Abstract
Recent advancements in Large Language Models (LLMs) have largely focused on depth scaling, where a single agent solves long-horizon problems with multi-turn reasoning and tool use. However, as tasks grow broader, the key bottleneck shifts from individual competence to organizational capability. In this work, we explore a complementary dimension of width scaling with multi-agent systems to address broad information seeking. Existing multi-agent systems often rely on hand-crafted workflows and turn-taking interactions that fail to parallelize work effectively. To bridge this gap, we propose WideSeek-R1, a lead-agent–subagent framework trained via multi-agent reinforcement learning (MARL) to synergize scalable orchestration and parallel execution. By utilizing a shared LLM with isolated contexts and specialized tools, WideSeek-R1 jointly optimizes the lead agent and parallel subagents on a curated dataset of 20k broad information-seeking tasks. Extensive experiments show that WideSeek-R1-4B achieves an item F1 score of 40.0% on the WideSearch benchmark, which is comparable to the performance of single-agent DeepSeek-R1-671B. Furthermore, WideSeek-R1-4B exhibits consistent performance gains as the number of parallel subagents increases, highlighting the effectiveness of width scaling.
Figure 1: Comparison of depth and width scaling. While depth scaling enhances performance through sequential multi-turn interactions, width scaling orchestrates multi-agent systems for parallel execution. WideSeek-R1 pushes the frontier of width scaling via MARL for synergized orchestration and execution.
Contributions
- We introduce WideSeek-R1, a multi-agent system trained via MARL to synergize scalable orchestration and parallel execution for broad information seeking.
- We open-source a large-scale dataset of 20,000 broad information-seeking tasks, offering a complementary training resource to existing multi-hop datasets.
- We demonstrate the effectiveness of width scaling with WideSeek-R1-4B, which achieves comparable performance to DeepSeek-R1-671B and exhibits consistent gains as the number of parallel agents increases.
Motivation
As tasks grow broader, width scaling via multi-agent systems becomes essential, yet both single-agent methods and existing multi-agent systems fall short in different ways.

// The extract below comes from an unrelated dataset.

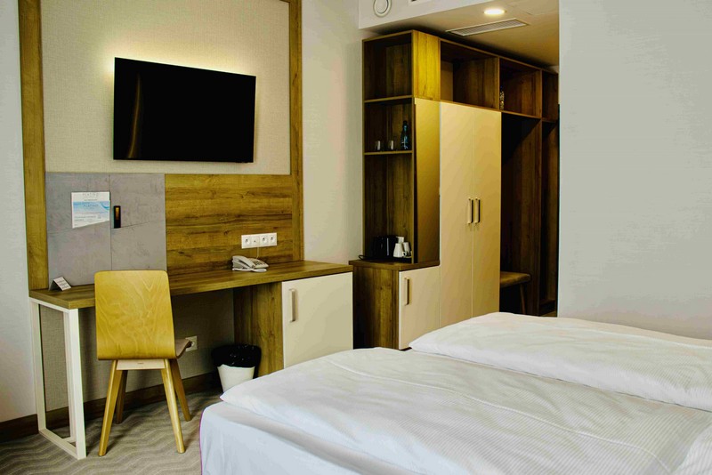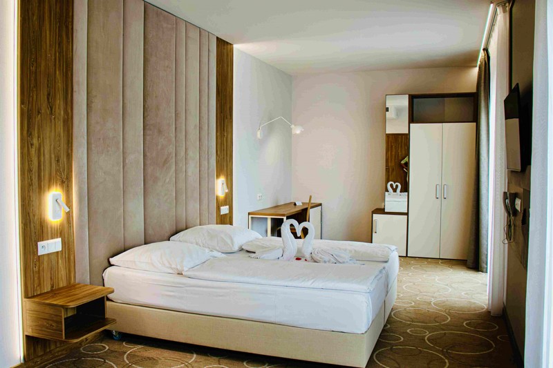 Alle Zimmer verfügen über einen Balkon, Doppel- oder Einzelbetten, je nach Bedarf der Gäste, Badezimmer mit Dusche und WC, ausgestattet mit Haartrockner, beleuchtetem Spiegel, mit einem Vergrößerungs-Make-up-Element, Telefon, Smart-TV, Kühlschrank

Broad information seeking, which requires gathering and synthesizing attributes of multiple entities into a structured table, serves as an ideal testbed for this challenge.
Limitations of Single-Agent Methods
Single-agent methods face two fundamental limitations when tasks grow in breadth.
- Context pollution. As the agent's context accumulates information from previous subtasks, irrelevant content increasingly interferes with reasoning, degrading performance on later subtasks.
- Sequential execution. A single agent must process independent subtasks one by one, leaving parallelizable work serialized and making the overall process inefficient.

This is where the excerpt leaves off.